StrikePoint Gold Inc.
TSX VENTURE : SKP

StrikePoint Gold Inc.

December 01, 2009 08:17 ET

StrikePoint Gold Inc. Announces Amendment of Private Placement

CALGARY, ALBERTA--(Marketwire - Dec. 1, 2009) -

NOT FOR DISTRIBUTION TO UNITED STATES NEWSWIRE SERVICES OR FOR DISSEMINATION IN THE UNITED STATES.

StrikePoint Gold Inc. (TSX VENTURE:SKP)(the "Corporation") is pleased to announce that subject to regulatory approval, it has amended the brokered private placement with Dundee Securities Corporation and a syndicate of agents (the "Agents") announced in the Corporation's press release of November 26, 2009.

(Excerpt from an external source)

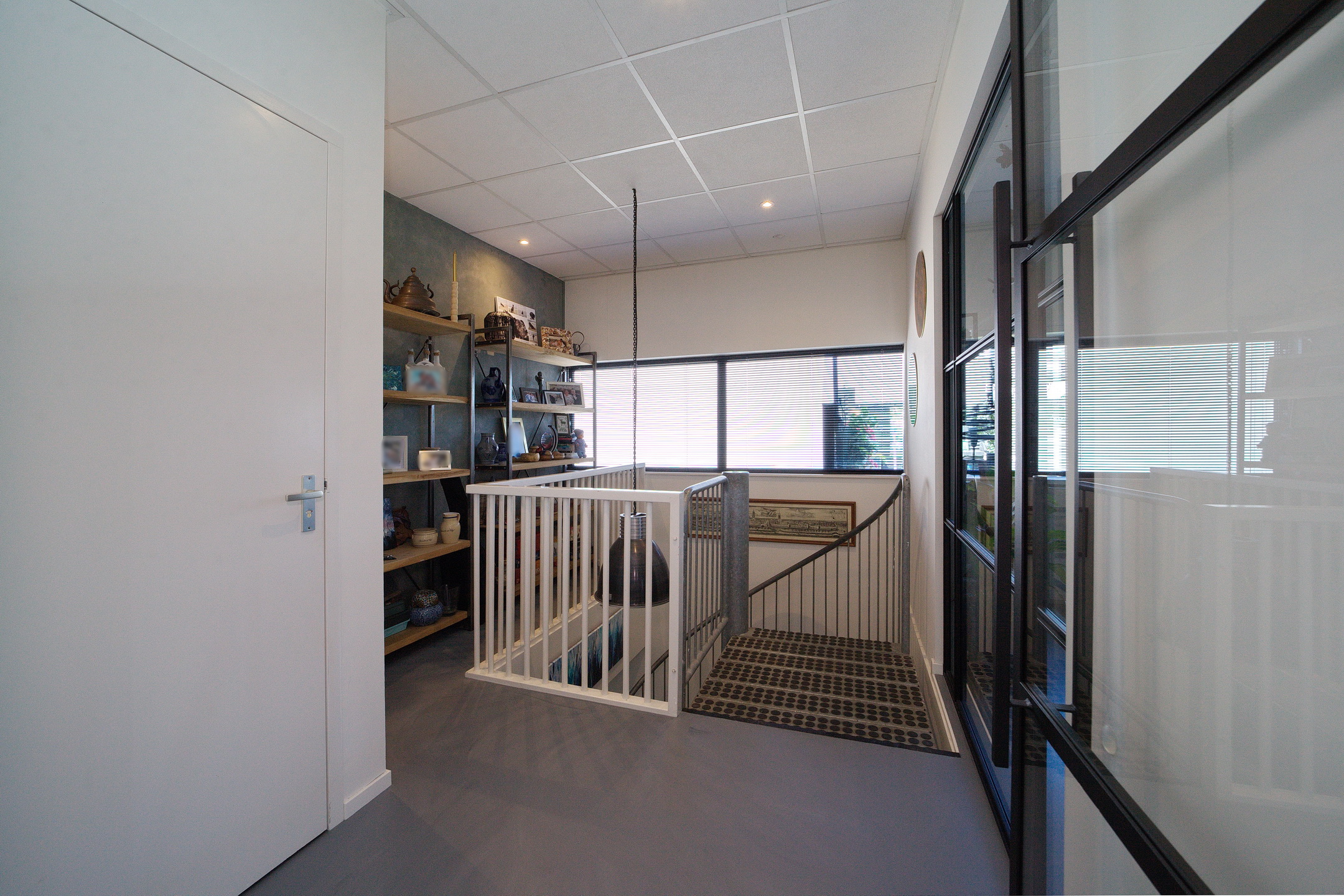 De eerste verdieping (106 m²) is volledig ingericht als representatief kantoor met moderne faciliteiten. Deze etage omvat ruime kantoorruimtes, een functionele keuken met diverse keukenapparatuur, sanitaire voorzieningen en flexibele opslagruimtes. Het aangrenzende dakterras van 43 m² biedt mogelijkheden voor pauzeruimte of zakelijke bijeenkomsten.

The private placement is amended to include the sale of up to 5,225,500 flow-through common shares (the "Flow-Through Common Shares") at a price of $0.47 per Flow-Through Common Share for gross proceeds of up to $2,455,985 and the sale of up to 12,340,000 non-flow-through units (the "Units") at a price of $0.40 per Unit for gross proceeds of up to $4,936,000, each Unit being comprised of one common share and one-half of one transferable common share purchase warrant. Each full warrant will be exercisable into one common share of the Corporation at an exercise price of $0.60 for a period of 24 months from the closing date (the "Offering"). The total gross proceeds to be raised in the Offering are $7,391,985.

As consideration to the Agents, the Corporation will pay a commission of 6.0% of the total proceeds raised upon closing and issue Agents' warrants (the "Agents' Warrants") equal to 6.0% of the Units and Flow-Through Common Shares issued pursuant to this Offering. Each Agents' Warrant will be exercisable to acquire one common share at $0.60 for a period of 24 months from the closing date. The shares issued under this financing will be subject to a four month hold period from the date of closing of the offering.

The Corporation intends to use the net proceeds for exploration of its mineral properties. Expenditures from the Flow-Through Common Shares will constitute Canadian exploration expenses (as defined in the Income Tax Act) and will be renounced for the 2009 taxation year.

ON BEHALF OF THE BOARD OF DIRECTORS OF STRIKEPOINT GOLD INC.

Richard A. Boulay, CEO

This news release does not constitute an offer to sell or solicitation of an offer to sell any securities in the United States. The securities have not been and will not be registered under the United States Securities Act of 1933, as amended (the "U.S. Securities Act") or any state securities laws and may not be offered or sold within the United States or to U.S. Persons unless registered under the U.S. Securities Act and applicable state securities laws or an exemption from such registration is available.

Cautionary Statement Regarding Forward-Looking Information

All statements, trend analysis and other information contained in this press release relative to markets about anticipated future events or results constitute forward-looking statements. Forward-looking statements are often, but not always, identified by the use of words such as "seek", "anticipate", "believe", "plan", "estimate", "expect" and "intend" and statements that an event or result "may", "will", "should", "could" or "might" occur or be achieved and other similar expressions. Forward-looking statements are subject to business and economic risks and uncertainties and other factors that could cause actual results of operations to differ materially from those contained in the forward-looking statements. Forward-looking statements are based on estimates and opinions of management at the date the statements are made. The Corporation does not undertake any obligation to update forward-looking statements even if circumstances or management's estimates or opinions should change. Investors should not place undue reliance on forward-looking statements.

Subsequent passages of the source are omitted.